Her accident elicited the greatest sympathy in Paris. Mademoiselle Mars, particularly, came forward, placing her purse, influence, everything she had at poor Ophelia’s disposal. I managed to organise a benefit, in which Chopin and Liszt took part, which brought in enough to pay the most pressing debts.

At last, in the summer of 1833, Henriette being still weak and quite ruined, I married her in the face of the opposition of our two families. All our resources on the wedding day were three hundred francs lent me by Gounet. But what did it matter, since she was mine?

To H. Ferrand.

“Paris, 12th June 1833.—It is really too bad of me to cause you anxiety on my account. But you know how my life fluctuates. One day calm, dreamy, rhythmical; the next bored, nerve-torn, snappy and snarly as a mangey dog, vicious as a thousand devils, sick of life and ready to end it, were it not for the frenzied happiness that draws ever nearer, for the odd destiny that I feel is mine; for my staunch friends; for music, and lastly, for curiosity. My life is a story that interests me greatly.

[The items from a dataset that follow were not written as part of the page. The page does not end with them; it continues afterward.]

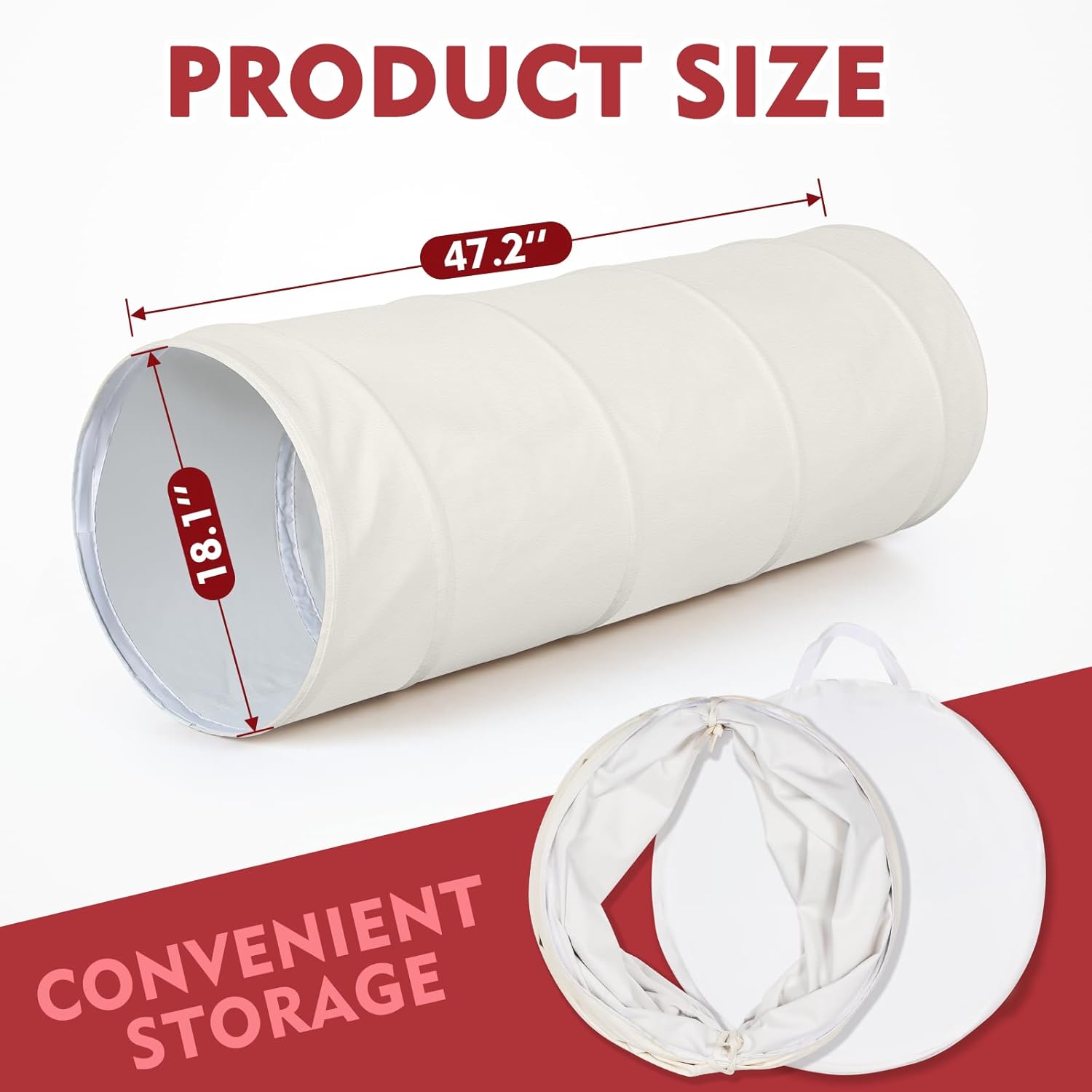 - 【Safe Enough】Baby-safe is our main priority responsibility in designing, so our tunnel for kids is made of premium leather materials, which are durable, soft and comfortable, children can play freely in the play tunnel with peace of mind. Let your child play with our pop-up kids tunnel safely and happily. Our Kids tunnel have been tested for safety, and we have ASTM CERTIFIED.
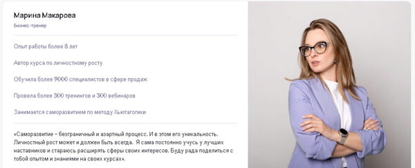 Вы получаете полный курс / тренинг со всеми материалами, но без обратной связи и поддержки автора Марины Макаровой — именно это позволяет предложить такую выгодную цену. Вы учитесь в удобном ритме, без переплаты за сопровождение.
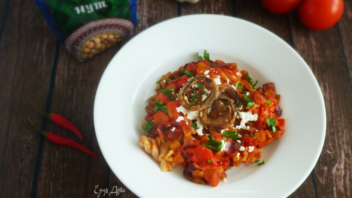 Разогреть духовку до 180°С. Соединить рис, макароны, чечевицу, томатный соус, треть феты, рубленую петрушку. Влить взбитые яйца и все перемешать. Выложить в большую форму и запекать 30 минут. - Шаг 8
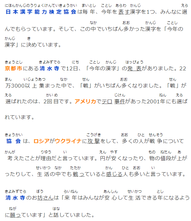 清水寺の森貫主は「『戦』が選ばれたのはロシアによるウクライナへの軍事侵攻が非常に強い印象を残したためだと思います。来年は皆が心安らかに日々をおくれるような年になるよう願っています」と話していました。
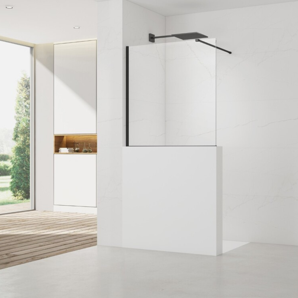 Swiss Aqua Technologies Pare-muret 100x90cm Paroi en verre Crystal Glass® 8 mm anticalcaire, avec bras et profilés noir mat (SATBWIS90PRC)

“You ask how I pass my days? If I am well I read or sleep on the sofa (for I am in comfortable lodgings) or scribble a few well-paid pages for the Europe Littéraire. About six I go to see Henriette who, to my sorrow, is still ailing. I must tell you all about her some day. Your opinion of her is quite wrong; her life, also, is a strange book, of which her points of view, her thoughts, her feelings, are by no means the least interesting part.

“I am still meditating the opera I asked you to write in my letter from Rome eighteen months ago. As, in all this time, you have not sufficiently conquered your laziness to write it, don’t be angry that I have given it to Deschamps and Saint-Félix. I really have been patient!

August 1833.—You true friend, not to despair of my future! These cowards cannot realise that, all the time, I am learning, observing, gathering ideas and knowledge. Bending before the storm, I still grow; the wind does but blow off a few leaves; the green fruit upon my branches holds too firmly to be shaken off. Your trust helps and encourages me.

“Have I told you of my parting with Henriette—of our scenes, despair, reproaches, which ended in my taking poison? Her protestations of love and sorrow brought back my desire to live; I took an emetic, was ill three days and am still alive! In her self-abasement she offered to do anything I chose, but now she begins to hesitate again. I will wait no more and have written that, unless she goes with me to the Town Hall on Saturday to be married, I leave for Berlin at once. She shall see that I, who for so long have languished at her feet, can rise, can leave her, can live for those who love and understand me.

“To help me to bear this horrible parting a strange chance has thrown in my way a charming girl of eighteen, who has fled from a brute who bought her—a mere child—and has kept her shut up like a slave for four years. Rather than go back to him, she says she will drown herself and my idea is to take her to Berlin, and by Spontini’s influence, place her in some chorus. I will try and make her love me, and if I succeed, I will fan into life the smouldering embers in my own heart and persuade myself that I love her. My passport is ready; I must make an end of things here. Henriette will be miserable but I have nothing to reproach myself with.

“I would give my life this minute for a month of perfect love with her.